When combining the risks of these types of applications hackers’ increasing use of social engineering tricks to get inside networks and frequent targeting of government users, the report suggests that public employees might need to do more than other people to protect themselves. “Imperva calls into question if military and government employees should be held to a higher standard when it comes to social networking,” the authors write.
A start on those higher standards would be password encryption on top of strong password policies. The report recommends using SHA-2 hashes, such as SHA-256, as recommended by the National Institute of Standards and Technology, and adding “salt,” or random bits that make cracking the algorithm even more difficult.
On file uploads, the report recommends:
- Assigning minimal permissions to uploaded content, especially not allowing executable permissions.
- Hosting user-generated content on a different domain. That way, even if the code is malicious it’s not evaluated in the context of your site. For example, Facebook stores user uploads on the fbcdn.net domain.

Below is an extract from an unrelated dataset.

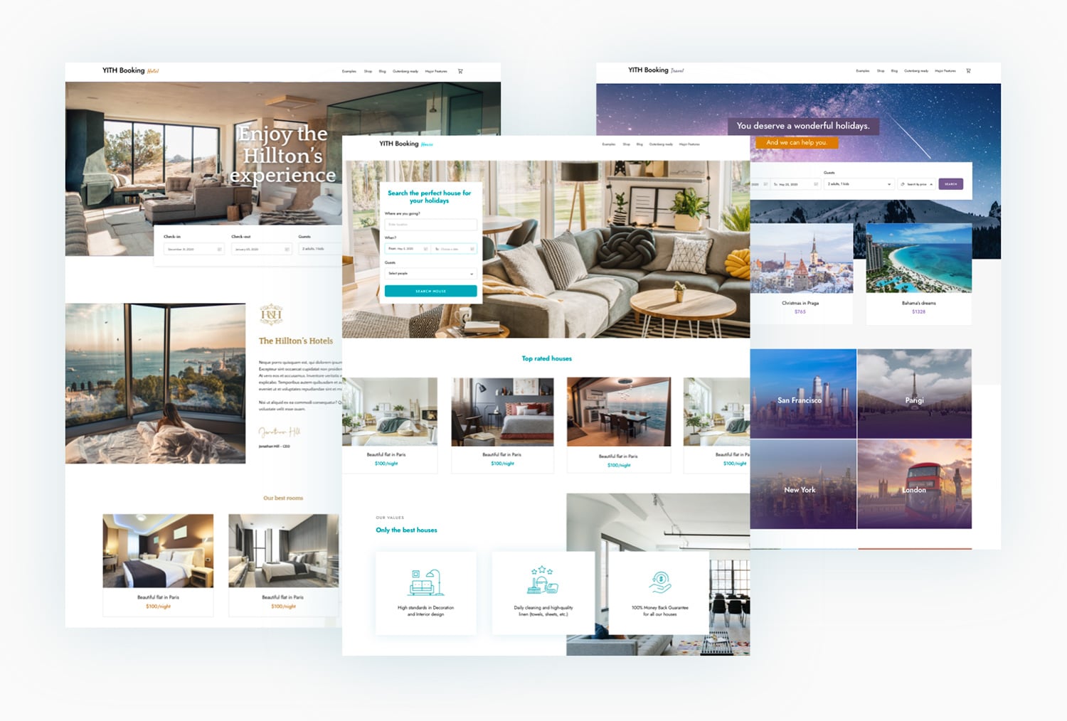 Let your users search by location (e.g. they can search for apartments available in Paris or Lisbon only) or by services (e.g. search only apartments with a swimming pool or air conditioning). Show or hide “dates” and “person” fields, customize texts of search parameters and copy and paste the shortcode wherever you want on the site; in the header, just like in our demos, in sidebars, within a page, etc.

- Hosting user-generated content on a different machine, so that code that is executed won’t be on the machine storing sensitive data and resources.
- Whitelisting, to make sure the content is a valid instance of the file type that the application expects, such as a valid JPEG file.
- Blacklisting, scanning files for malicious content, using a relevant scanner and as antivirus to detect malware or an HTML scanner to detect cross-site scripting.
- Implementing all security checks on the server side; do not trust the client, as the client cannot be trusted.